Input records —
════════════════

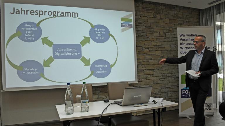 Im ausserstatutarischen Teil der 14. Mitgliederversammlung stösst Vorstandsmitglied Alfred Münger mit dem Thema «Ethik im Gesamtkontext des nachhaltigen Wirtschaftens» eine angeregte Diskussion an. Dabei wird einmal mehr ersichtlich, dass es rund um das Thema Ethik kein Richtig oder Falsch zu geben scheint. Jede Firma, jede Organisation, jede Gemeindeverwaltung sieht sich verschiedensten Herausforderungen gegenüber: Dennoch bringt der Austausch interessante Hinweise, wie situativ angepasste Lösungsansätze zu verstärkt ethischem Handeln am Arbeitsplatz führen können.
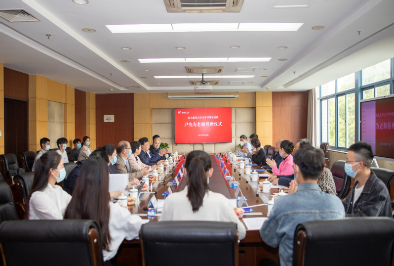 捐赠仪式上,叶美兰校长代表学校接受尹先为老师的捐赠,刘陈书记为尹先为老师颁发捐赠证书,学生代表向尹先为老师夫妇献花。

════════════════

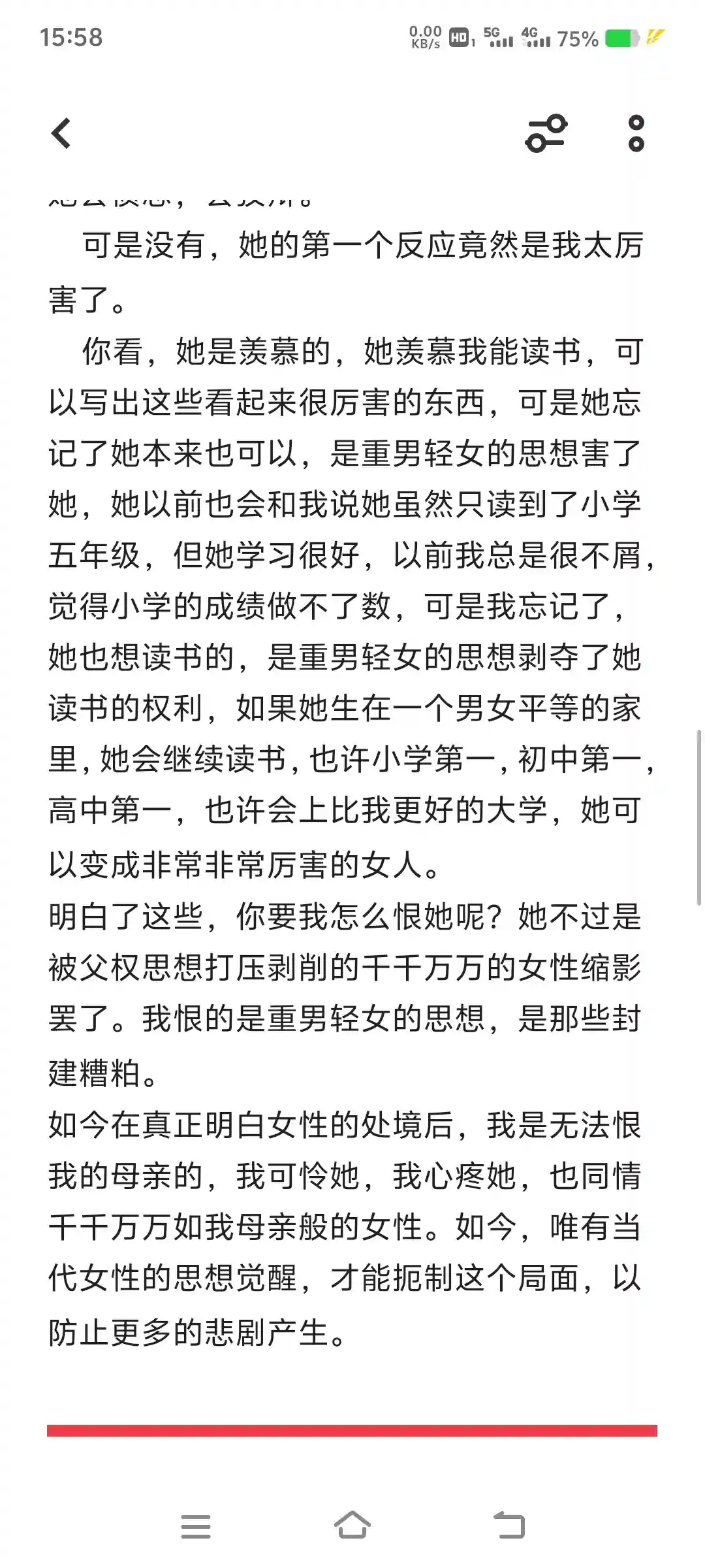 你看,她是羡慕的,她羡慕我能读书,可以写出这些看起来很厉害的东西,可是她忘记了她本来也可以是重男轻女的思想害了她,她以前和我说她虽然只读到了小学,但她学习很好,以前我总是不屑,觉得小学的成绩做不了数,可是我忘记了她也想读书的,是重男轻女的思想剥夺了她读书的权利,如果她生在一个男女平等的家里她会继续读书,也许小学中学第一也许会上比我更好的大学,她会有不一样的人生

════════════════

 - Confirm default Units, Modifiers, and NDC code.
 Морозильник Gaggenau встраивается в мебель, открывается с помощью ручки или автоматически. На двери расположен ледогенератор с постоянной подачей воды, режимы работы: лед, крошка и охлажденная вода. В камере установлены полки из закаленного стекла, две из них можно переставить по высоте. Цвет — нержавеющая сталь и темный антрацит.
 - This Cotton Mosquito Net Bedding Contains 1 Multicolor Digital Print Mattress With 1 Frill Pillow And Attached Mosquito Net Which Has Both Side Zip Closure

════════════════

Give back exactly, and solely, the section of the data above bounded by the line containing "Im ausserstatutarischen Teil" and the line containing "捐赠仪式上,叶美兰校长代表学", both bounding lines included and pictures omitted.

Task result —
 Im ausserstatutarischen Teil der 14. Mitgliederversammlung stösst Vorstandsmitglied Alfred Münger mit dem Thema «Ethik im Gesamtkontext des nachhaltigen Wirtschaftens» eine angeregte Diskussion an. Dabei wird einmal mehr ersichtlich, dass es rund um das Thema Ethik kein Richtig oder Falsch zu geben scheint. Jede Firma, jede Organisation, jede Gemeindeverwaltung sieht sich verschiedensten Herausforderungen gegenüber: Dennoch bringt der Austausch interessante Hinweise, wie situativ angepasste Lösungsansätze zu verstärkt ethischem Handeln am Arbeitsplatz führen können.
 捐赠仪式上,叶美兰校长代表学校接受尹先为老师的捐赠,刘陈书记为尹先为老师颁发捐赠证书,学生代表向尹先为老师夫妇献花。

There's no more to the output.